The employer advised the employees at a staff meeting that the business needed to make changes as a result of a downturn in orders.  The employer then sent a letter to the employee advising that his role was to be dis-established. 

A meeting was held between the parties regarding the restructuring proposal.

At the meeting the employer said that, due to the financial state of the business, two positions were to be dis-established.

The employer did not provide any detailed reasons for the redundancy or give any indication of the timeframe in which the changes to the business would happen.

As the employee did not receive any further correspondence regarding the restructuring, or notice in accordance with his employment agreement, he continued to work. The employee described that he was confused about whether or not his employment was actually ending.

Sometime later the employer asked whether the employee would remain in the business as an independent contractor.  The employee took time to consider the proposal.  The employer made several requests for a response from the employee. 

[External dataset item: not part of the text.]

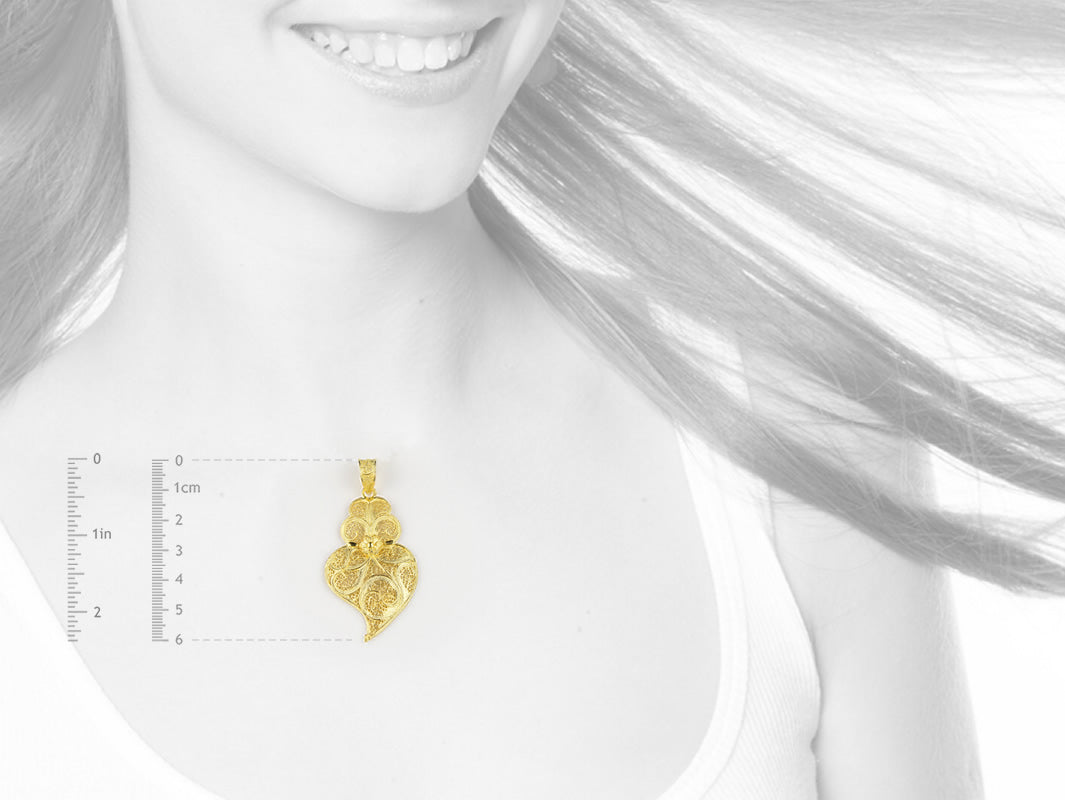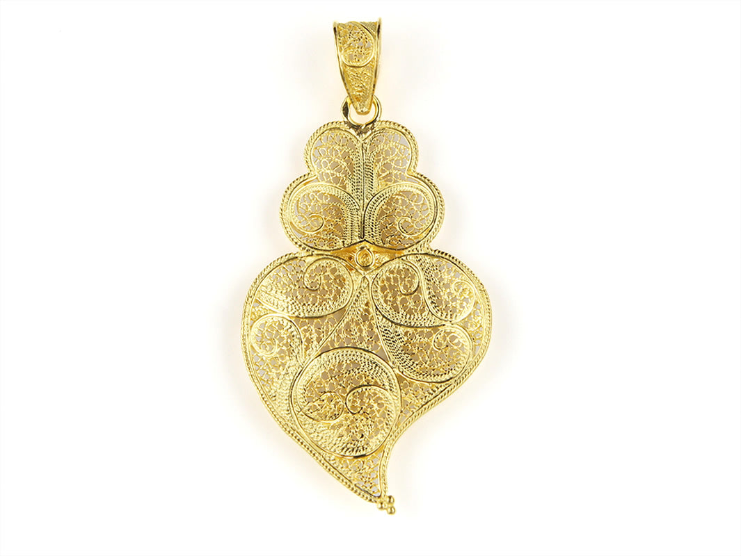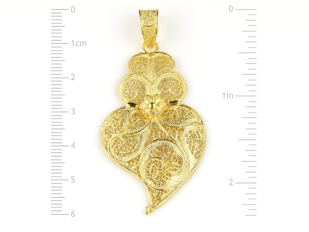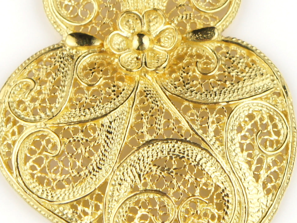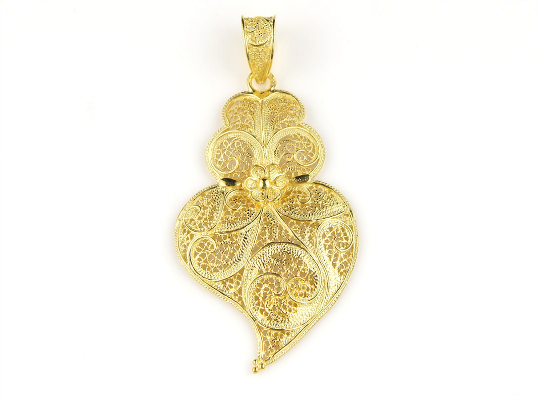 Élégante Médaille Coeur de Viana moyen. Filigrane Portugaise, fabriqué au Portugal en Argent 925 Doré.

Eventually, the employer made a unilateral decision to change the employee to an independent contractor and paid out the employee’s accrued annual leave entitlement.

The employee indicated that he would not return to work until his employment status had been clarified, and raised a personal grievance in the Employment Relations Authority.  The employer did not fully participate in the Employment Relations Authority process. 

The Employment Relations Authority found that, even if there was a genuine need to make changes to the business, the employer did not follow the proper restructuring process.

The employer failed to consult with the employee or share relevant information with the employee, allow the employee an opportunity to comment on the decision, or discuss selection criteria for the new role and/or redeployment options.  The employee had been unjustifiably dismissed.

The employer was ordered to pay:

  • $12,000 in compensation for hurt, humiliation and injury to feelings;
  • seven weeks lost wages; and
  • outstanding employment entitlements.

This shows that even where the need for a restructure may be genuine (as the employer subsequently went into liquidation), the employer must follow the proper process otherwise an employee may raise a personal grievance.

Despite the employer’s efforts to reduce costs, it was required to pay over $20,000 because it did not follow proper process. 

Had the employer sought proper legal advice at the outset, the employer may have avoided the $20,000 payment and maybe even liquidation.